Anfang Mai tagte die AU-Menschenrechtskomission in Gambias Hauptstadt Banjul und bedauerte „die Verschlechterung der sozioökonomischen, politischen und Sicherheitslage in gewissen Ländern“, die „Menschen dazu treibt, sich unter Lebensgefahr in das Abenteuer der Migration zu stürzen“. Namen wurden nicht genannt. Das wäre ja auch verwunderlich bei einer Organisation, deren amtierender Vorsitzender Robert Mugabe rund ein Drittel seiner Landesbevölkerung in die Emigration getrieben hat.
Der „Khartum-Prozess“
Präsidenten wie die von Simbabwe oder Gambia sind insgeheim wohl ganz froh, wenn aufsässige Elemente und überzählige Mäuler das Land verlassen. Das Flüchtlingsproblem, heißt es bei der EU, ist langfristig nur durch Zusammenarbeit mit afrikanischen Regierungen bei der Bekämpfung der Fluchtursachen zu lösen. Was aber, wenn diese Regierung selbst Fluchtursachen sind?

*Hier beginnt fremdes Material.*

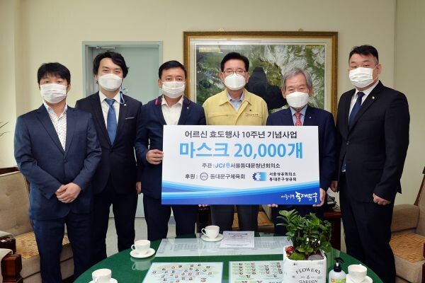 이 날 서울동대문청년회의소는 코로나19 감염 예방을 위한 마스크 2만 개를 준비해 전달했다.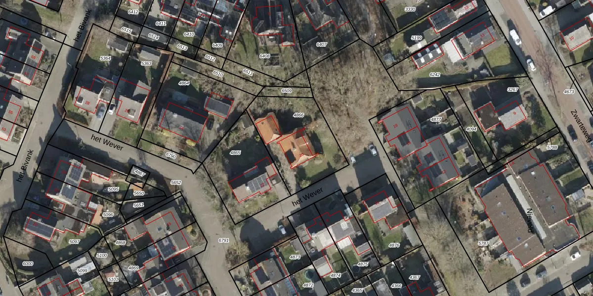 Het perceel waarop het Wever 20 staat heeft een oppervlakte van 686 m². Dit is een groot perceel. De perceeloppervlakte wordt geregistreerd door het Kadaster. Gedetailleerde informatie over de maten van dit perceel kunt u vinden in het rapport Kadastrale kaart met maatvoering van het Wever 20.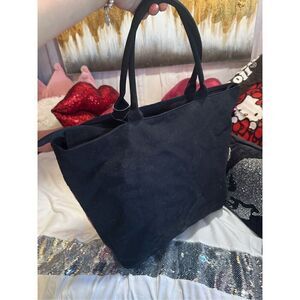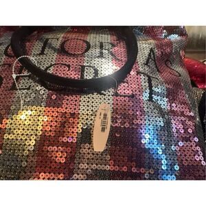 NWT victoria's Secret VS black and sequin bling signature stripe iconic shopping tote bag/purse/pocketbook w/leather handles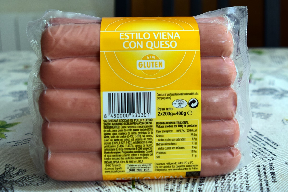 Salchichas con queixo, Hacendado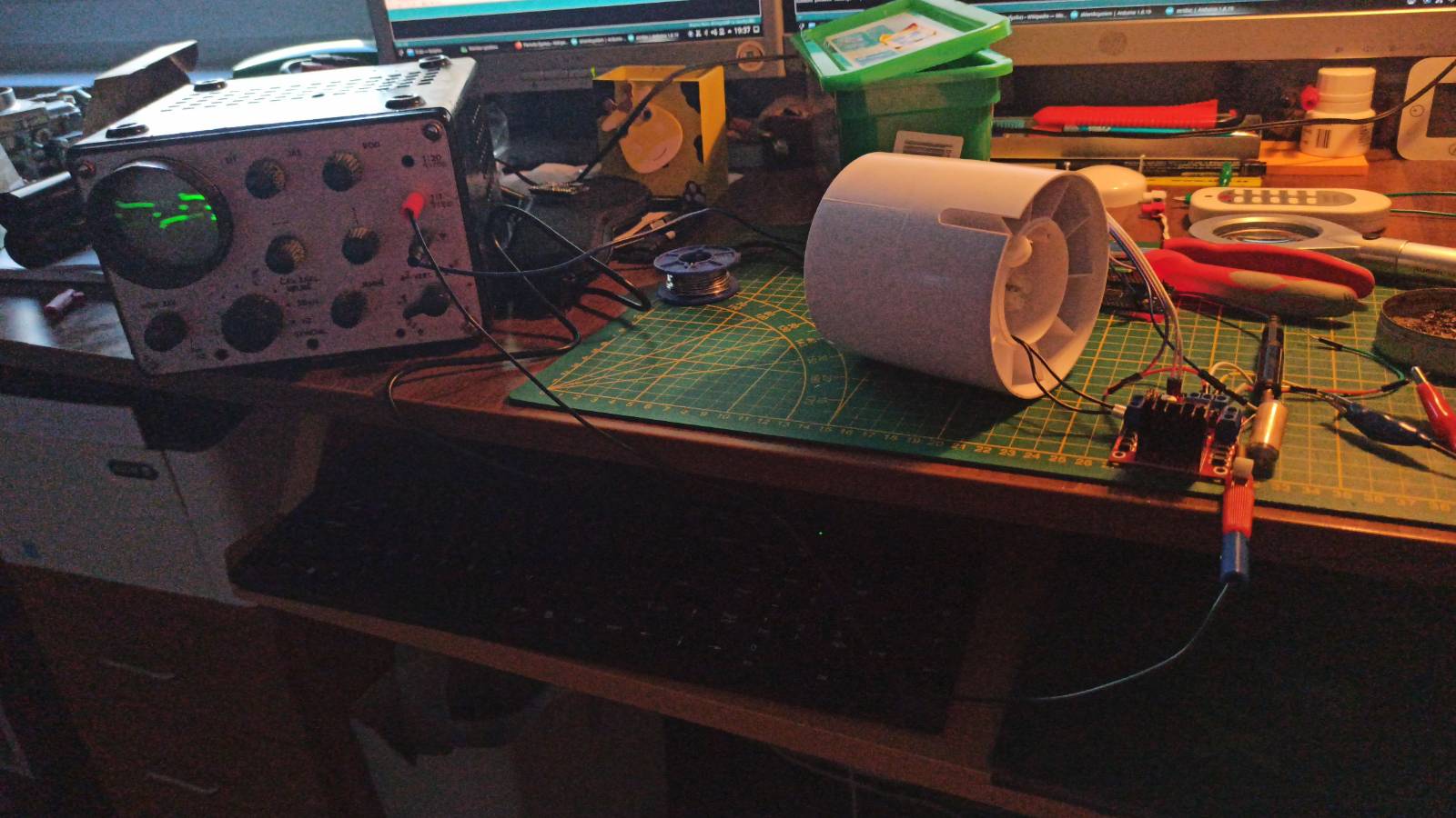 Na rychlo jsem spíchnul střídač z FET totemu a sinus to není ani omylem (je vidět na toto). Ventilátor sice běží vinutí má sotva vlažné (nejdříve jsem zkoušel rozebrané) můstek má tak 35 - 40°C.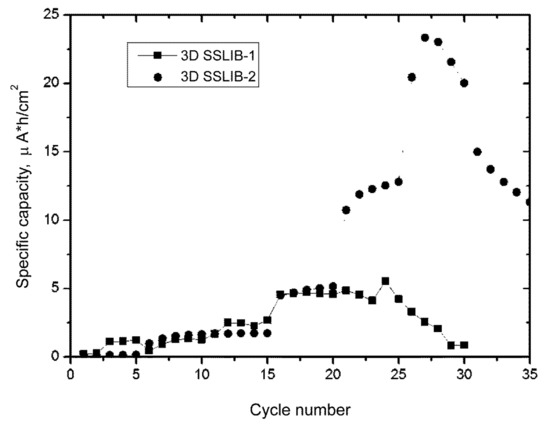 Thus, it can be assumed that in the 3D SSLIB-1 sample only “flat valleys”, situated between the rows of truncated cones, “work”. Moreover, the growth in capacity is limited by the area of these valleys. In the 3D SSLIB-2 sample with a smoothed profile of the Si substrate the entire area of the 3D structure contributes to its capacity. Expansion of the potential window to 3.6 V and the charge current to 35 μA, with a charge time of 1 h (cycles from 21st to 25th), leads to an increase in capacity to 12.5 μA·h/cm2. This signifies that the charge was incomplete in the previous cycles.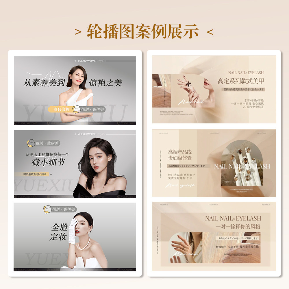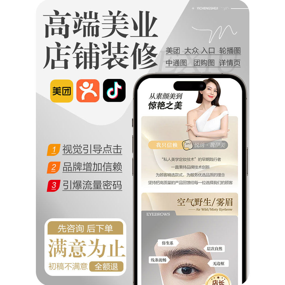 美團(tuán)店鋪裝修大眾點評圖片設(shè)計五連輪播詳情抖音團(tuán)購頭圖美業(yè)海報價格行情

Der Rahmen der AU zum Umgang mit Migration nach Europa ist der sogenannte „Khartum-Prozess“, den eine AU-Regionalkonferenz im Oktober 2014 in der Hauptstadt Sudans ins Leben rief. Bestätigt im November in Rom auf einem Treffen mit EU-Amtskollegen, zielt der Khartum-Prozess vor allem auf die Zerschlagung der „kriminellen Netzwerke“ ab, die „illegale“ Migration befördern und verhindern, dass die „potentiellen“ Vorteile einer „geregelten“ Migration zum Tragen kommen. Für die Zusammenarbeit mit Afrika beim Umgang mit der Massenflucht von Afrikanern nach Europa verlässt sich die EU also auf ein Konstrukt, das in der Hauptstadt eines Landes entstand, dessen Präsident noch immer vom Internationalen Strafgerichtshof unter dem Vorwurf des Völkermords an der eigenen Bevölkerung gesucht wird.
Am vergangenen Mittwoch gedachte die AU übrigens doch erstmals der vielen Flüchtlinge und Migranten, die bei ihrer Reise gestorben sind. Man müsse mehr tun, um das Risiko für Schmuggler zu erhöhen, erklärte AU-Sozialkommissar Olawale Maiyegun. Anders ausgedrückt: Flucht muss noch schwieriger und tödlicher werden. Kein Problem, beeilte sich Äthiopiens Vertreter beizuspringen: Man werde mit „Sensibilisierung“ beginnen. Ein paar christliche und muslimische Geistliche sprachen Gebete für die Toten. Weder Dlamini-Zuma noch Mugabe waren da. Fast alle Sitze im prächtigen AU-Plenarsaal in Addis Abeba blieben leer.